Max_bucket exception from elasticsearch

Hi,

I have made a control visualization (option list) with 4 options-fields (let's say A, B, C & D).
The "size" field of each option is 10000 and search.max_buckets setting is 10000 too.

In ElasticSearch, for field A there are 2 distinguished values , A1 & A2.
The documents with A1 value in A field are 14800000 and they have 1028 distinguished values in field B .
The documents with A2 value in A field are 3700000 and they have 3500 distinguished values in field B .

In control visualization, when I select for field A the A1 value I get the error "5 of 12 shards failed" and when I inspect the query and the response to elasticsearch I see that

"type": "too_many_buckets_exception",
"reason": "Trying to create too many buckets. Must be less than or equal to: [10000] but was [10001]. This limit can be set by changing the [search.max_buckets] cluster level setting.",

But when I select A2 everything is ok.

Why the error is not shown with value A2?
Is this because, with a simple calculation, the unique buckets for A1 value are14800000 : 1028 = 14396,.... and greater than max_bucket or "size"
and for A2 are 3700000 : 3500 = 1057,.... ??

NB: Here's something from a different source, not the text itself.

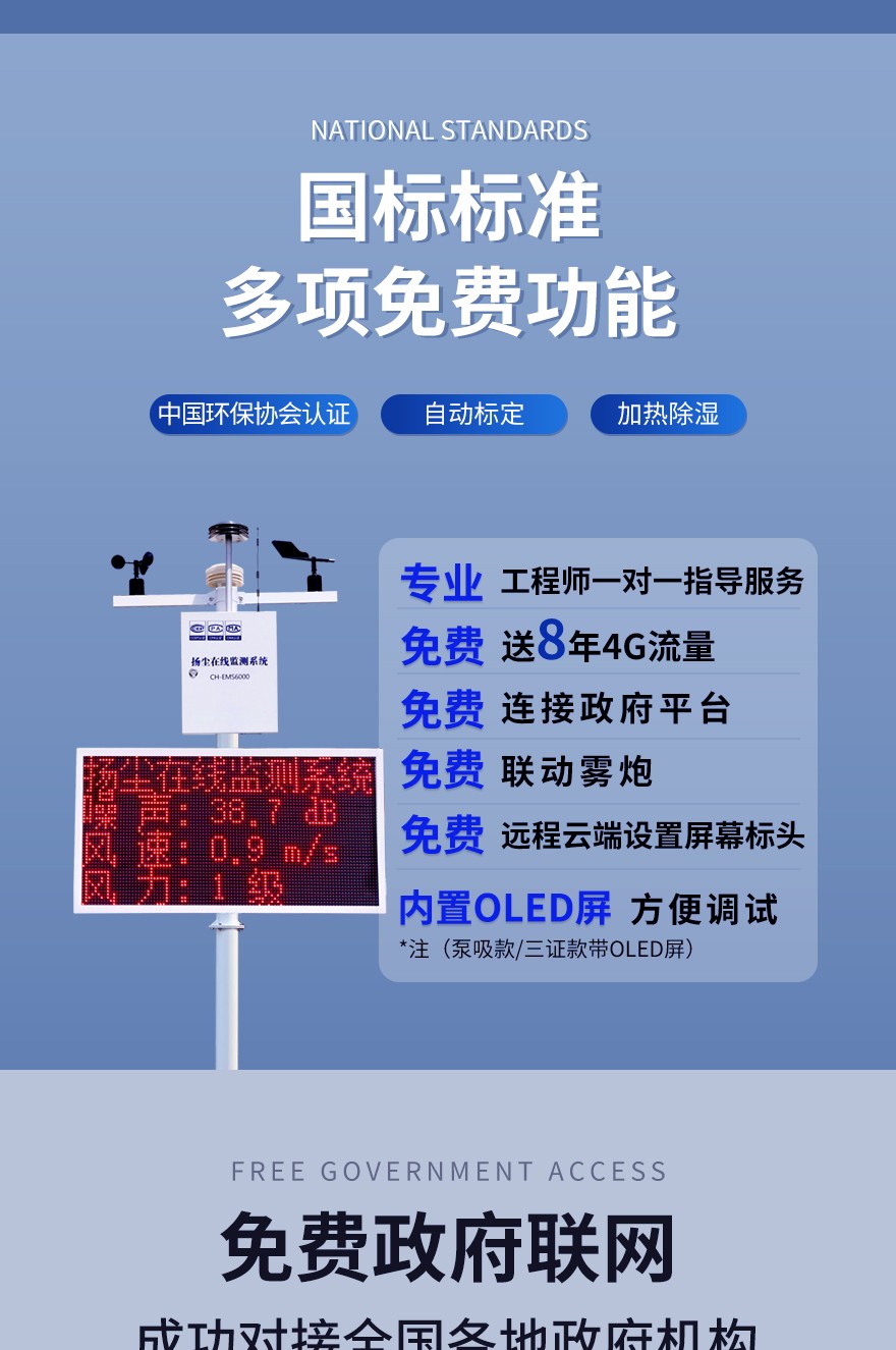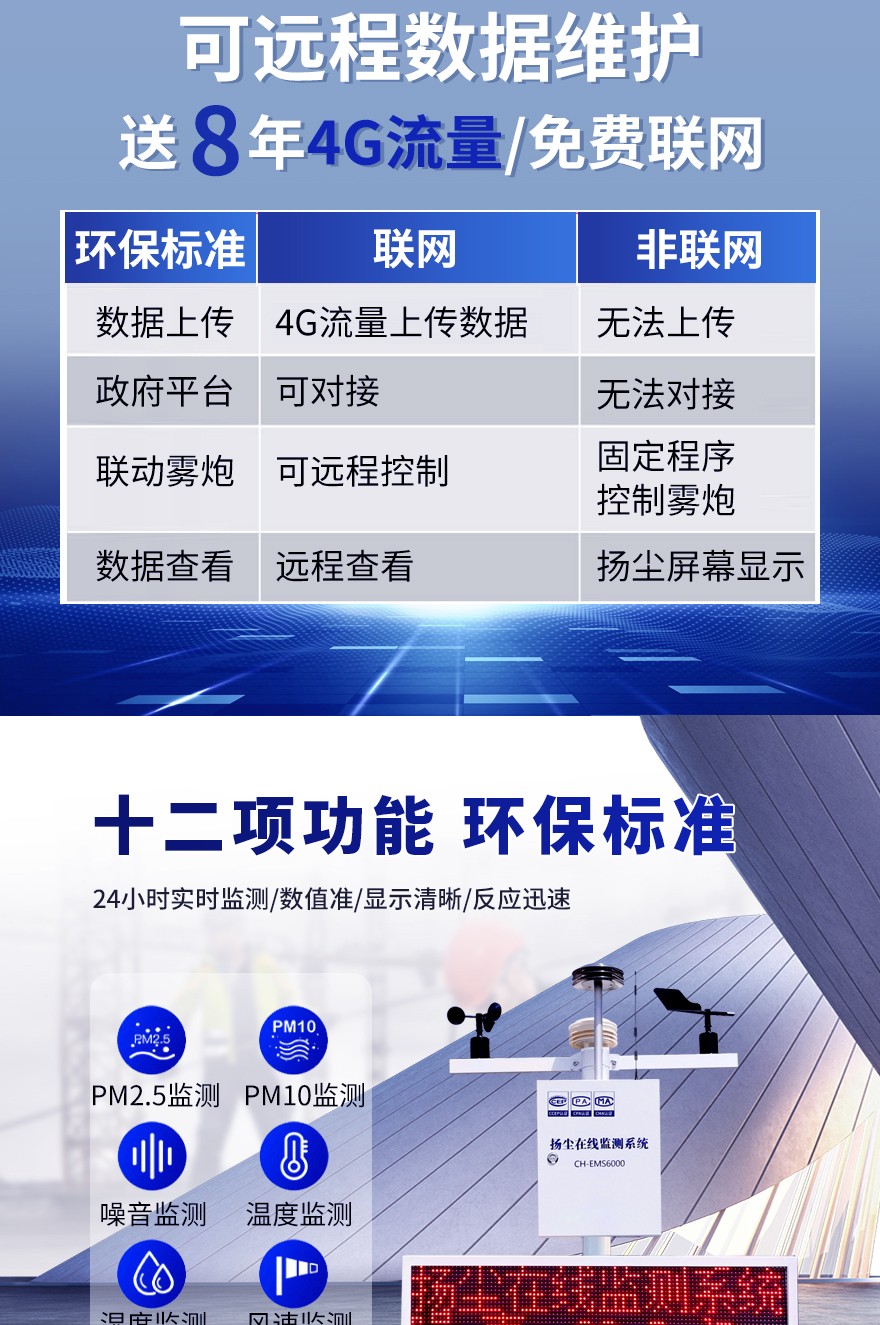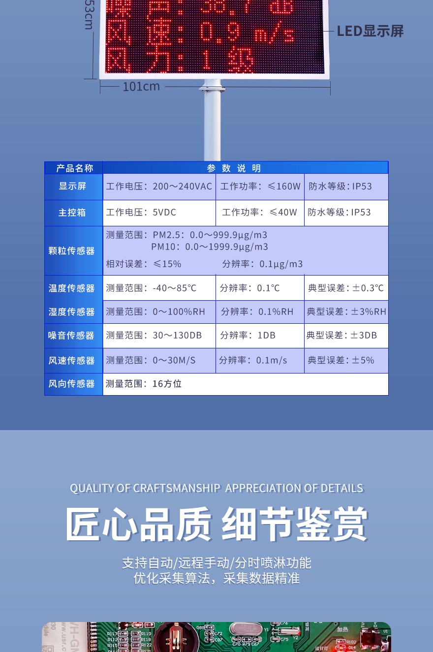 實時采集安裝環(huán)境中PM2.5、PM10、風速、風向、TSP等傳感器數(shù)據(jù),通過處理器計算出實時值、分鐘均值、小時均值、日均值等,發(fā)現(xiàn)揚塵超標時,通過有線或無線方式聯(lián)動霧炮、噴淋等設(shè)備進行降塵作業(yè),達到降低空氣污染的目的。本設(shè)備還可采集噪音、溫度、濕度、風速、風向、氣壓等環(huán)境參數(shù),并能夠通過4G無線網(wǎng)絡(luò)傳輸?shù)竭h程云平臺,實現(xiàn)遠程實時監(jiān)控、各種數(shù)據(jù)分析、統(tǒng)計等功能,實現(xiàn)工地數(shù)字化建設(shè)。

Also, I saw that * max_buckets = size 1.5 + 10 in https://www.elastic.co/guide/en/elasticsearch/reference/current/search-aggregations-bucket-terms-aggregation.html#_shard_size_3
That means that "size" should be set max to 6660 if max_bucket = 10000 ?
If I set size to 6000 there is no problem but if I set to 7000 I see againe the too_many_buckets_exception for A1.

Which value , max_bucket or "size" should I change in order not to get exceptions? Which calculations should I do?

Thank you in advance!

BR
Paraskevi

How long the time range that you want to display?
If the time range too wide, you need to increase the minimum interval of the bucket.
The higher minimum interval, the smallest bucket that you need.
If you need the minimum interval as you want and hit the max_bucket, you can increase the max_bucket using:

PUT _cluster/settings { "persistent": { "search.max_buckets": 20000 } } 

Hi Fadjar,

Thanks for the prompt answer. My concern basically is to understand how the number of buckets is calculated. I don't want to change the interval, I know the unique values of some fields so I would like to calculate the "possible" max_buckets number and not to increase to an "enough big" number because in that case I don't know if , for example, a change like this will increase cpu etc.
Could you please explain based on the example given above?

If you're using datetime histogram and don;t want to change the cluster setting, just reduce the time range of the dashboard.
The search.max_bucket id using the minimum interval in the time range of the query that you used.
Wider time range with smaller minimum interval, makes the bucket grow.
In my experienced, this max_bucket problem will occurred if I have long range of time query....
Another solution as I've done, using transforms.

Regards,
Fadjar Tandabawana

This topic was automatically closed 28 days after the last reply. New replies are no longer allowed.